* Work task
Reproduce only what runs from the line containing "In this report, we" to the line containing "Перейти к актуальным" in the records below, inclusive. Keep it exact, and keep the pictures out.

* Data provided
· · · · · · ·

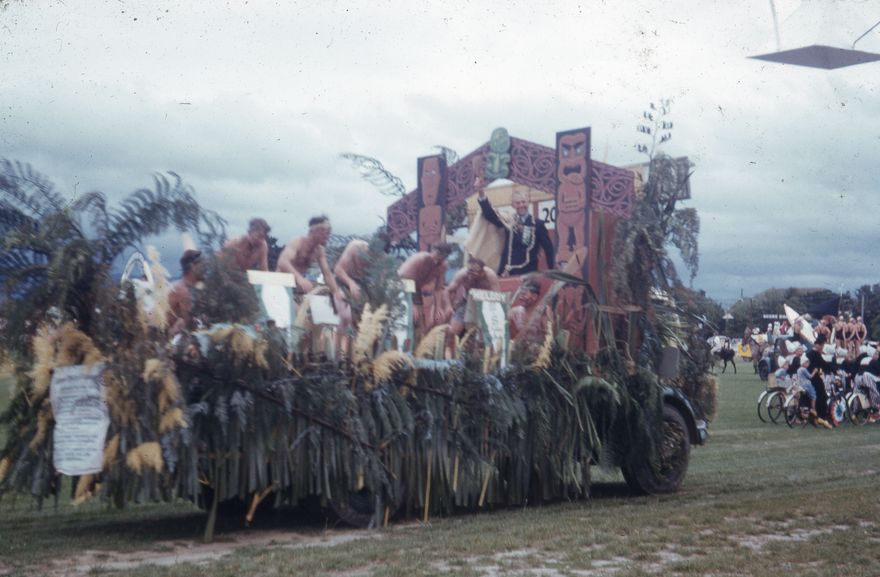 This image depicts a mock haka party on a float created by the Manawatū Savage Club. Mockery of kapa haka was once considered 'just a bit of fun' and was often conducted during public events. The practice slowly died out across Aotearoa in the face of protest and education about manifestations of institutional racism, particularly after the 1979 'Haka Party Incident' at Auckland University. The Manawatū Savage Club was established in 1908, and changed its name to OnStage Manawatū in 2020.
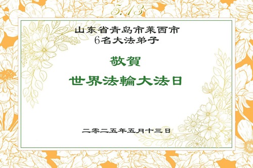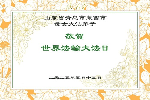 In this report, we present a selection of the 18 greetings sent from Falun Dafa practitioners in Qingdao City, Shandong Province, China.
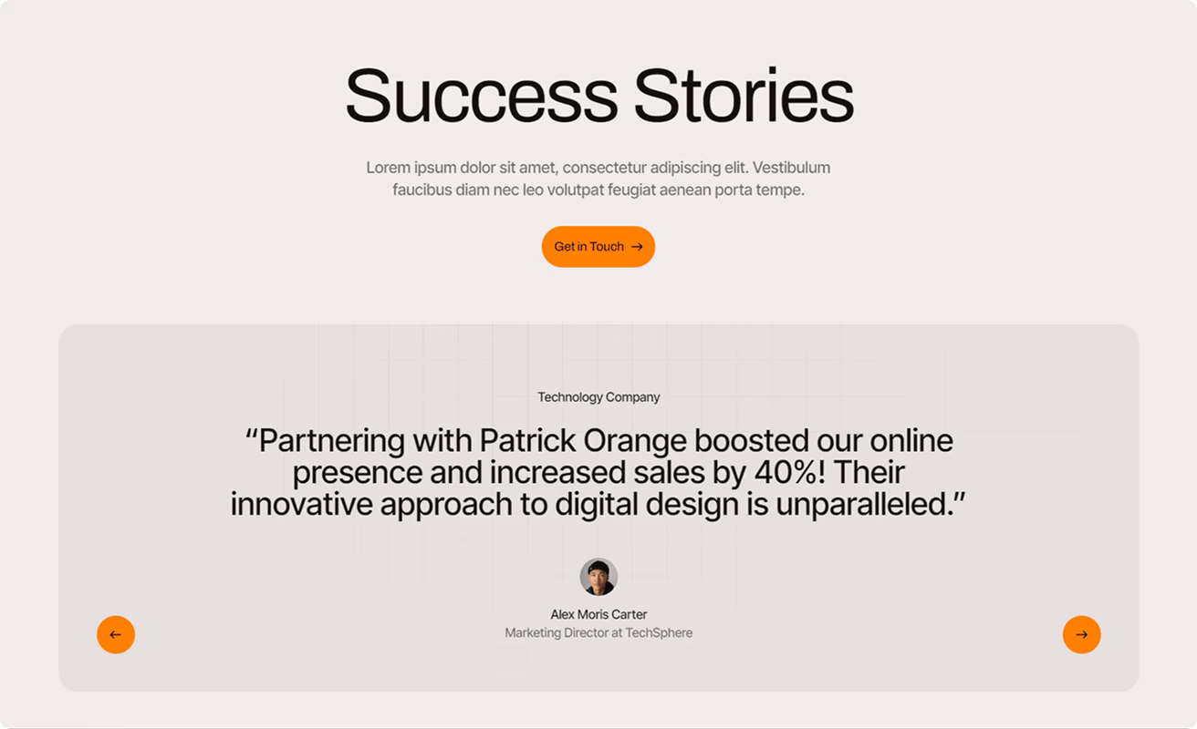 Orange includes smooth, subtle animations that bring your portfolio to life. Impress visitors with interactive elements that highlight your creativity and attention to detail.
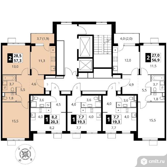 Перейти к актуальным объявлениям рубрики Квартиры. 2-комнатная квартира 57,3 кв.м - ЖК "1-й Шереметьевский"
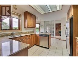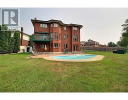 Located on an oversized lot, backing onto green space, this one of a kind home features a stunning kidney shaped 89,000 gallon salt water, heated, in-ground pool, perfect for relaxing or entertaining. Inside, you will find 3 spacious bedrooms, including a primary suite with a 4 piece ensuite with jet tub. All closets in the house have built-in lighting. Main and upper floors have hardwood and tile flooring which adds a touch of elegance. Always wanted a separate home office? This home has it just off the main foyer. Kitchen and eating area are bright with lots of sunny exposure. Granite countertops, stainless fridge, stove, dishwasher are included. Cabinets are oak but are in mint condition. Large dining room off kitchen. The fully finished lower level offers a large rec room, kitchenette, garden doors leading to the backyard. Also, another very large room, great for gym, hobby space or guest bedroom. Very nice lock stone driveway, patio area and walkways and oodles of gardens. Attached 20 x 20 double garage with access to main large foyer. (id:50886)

· · · · · · ·

* Task output
 In this report, we present a selection of the 18 greetings sent from Falun Dafa practitioners in Qingdao City, Shandong Province, China.
 Orange includes smooth, subtle animations that bring your portfolio to life. Impress visitors with interactive elements that highlight your creativity and attention to detail.
 Перейти к актуальным объявлениям рубрики Квартиры. 2-комнатная квартира 57,3 кв.м - ЖК "1-й Шереметьевский"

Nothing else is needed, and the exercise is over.